_DATA PROVIDED_.
┄┄┄┄┄┄┄┄┄┄

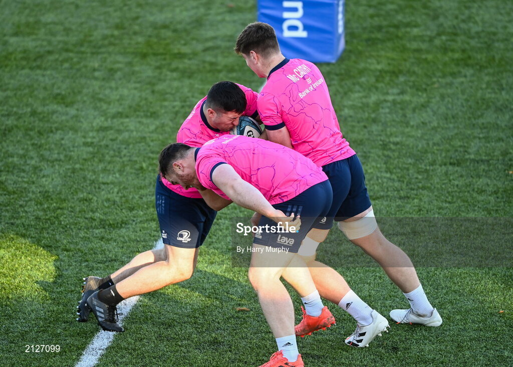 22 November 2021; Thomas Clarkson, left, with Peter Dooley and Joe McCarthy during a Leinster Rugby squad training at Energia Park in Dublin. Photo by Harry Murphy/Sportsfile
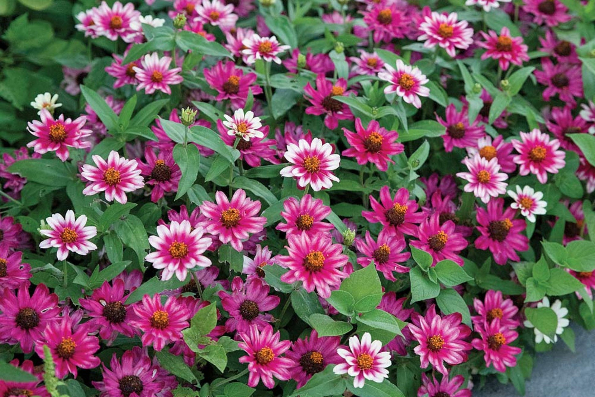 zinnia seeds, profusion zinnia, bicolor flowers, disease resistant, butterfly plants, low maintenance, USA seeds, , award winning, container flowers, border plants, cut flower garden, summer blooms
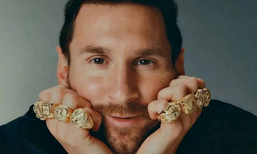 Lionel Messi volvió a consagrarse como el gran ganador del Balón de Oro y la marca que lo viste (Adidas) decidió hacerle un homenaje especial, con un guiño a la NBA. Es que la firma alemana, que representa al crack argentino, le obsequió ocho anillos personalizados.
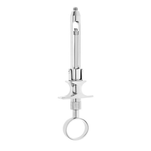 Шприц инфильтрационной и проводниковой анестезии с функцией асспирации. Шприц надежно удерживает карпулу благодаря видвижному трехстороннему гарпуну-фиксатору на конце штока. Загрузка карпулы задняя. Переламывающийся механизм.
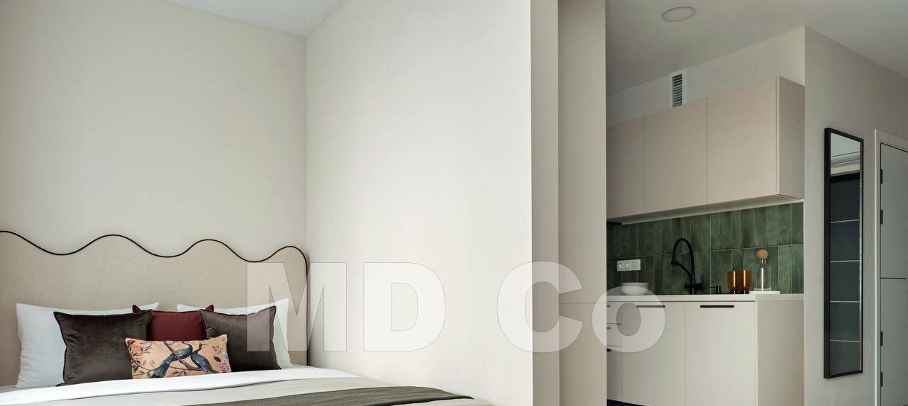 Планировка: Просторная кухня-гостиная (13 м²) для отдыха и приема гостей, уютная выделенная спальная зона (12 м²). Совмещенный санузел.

┄┄┄┄┄┄┄┄┄┄

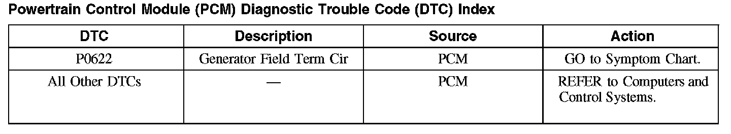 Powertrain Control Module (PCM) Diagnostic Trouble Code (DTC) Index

┄┄┄┄┄┄┄┄┄┄

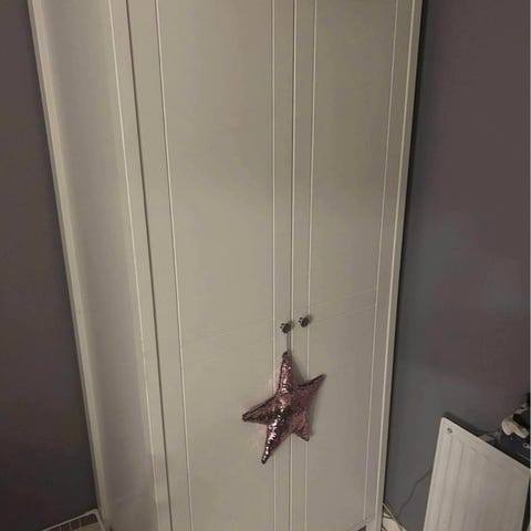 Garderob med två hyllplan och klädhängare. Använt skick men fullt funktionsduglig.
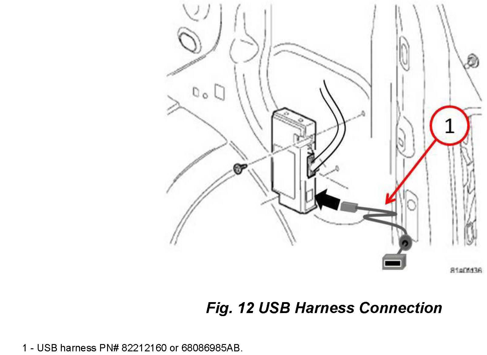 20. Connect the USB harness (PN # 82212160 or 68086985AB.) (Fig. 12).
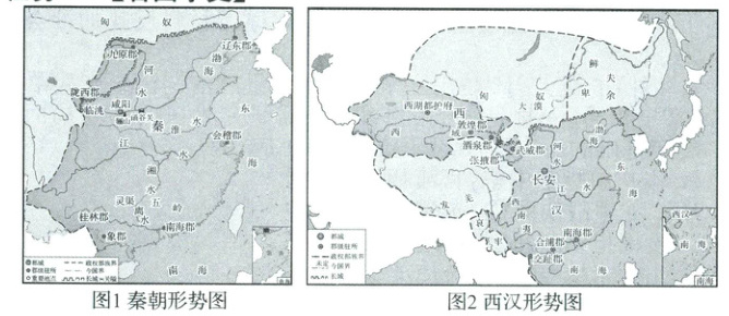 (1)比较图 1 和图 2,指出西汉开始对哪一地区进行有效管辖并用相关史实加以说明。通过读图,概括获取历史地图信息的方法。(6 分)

┄┄┄┄┄┄┄┄┄┄

_WORK ITEM_. When you reach the line with "zinnia seeds, profusion" in the records above, start writing out each line exactly, and stop after the line with "Планировка: Просторная кухня-гостиная". Pictures stay out.

_OUTPUT_.
 zinnia seeds, profusion zinnia, bicolor flowers, disease resistant, butterfly plants, low maintenance, USA seeds, , award winning, container flowers, border plants, cut flower garden, summer blooms
 Lionel Messi volvió a consagrarse como el gran ganador del Balón de Oro y la marca que lo viste (Adidas) decidió hacerle un homenaje especial, con un guiño a la NBA. Es que la firma alemana, que representa al crack argentino, le obsequió ocho anillos personalizados.
 Шприц инфильтрационной и проводниковой анестезии с функцией асспирации. Шприц надежно удерживает карпулу благодаря видвижному трехстороннему гарпуну-фиксатору на конце штока. Загрузка карпулы задняя. Переламывающийся механизм.
 Планировка: Просторная кухня-гостиная (13 м²) для отдыха и приема гостей, уютная выделенная спальная зона (12 м²). Совмещенный санузел.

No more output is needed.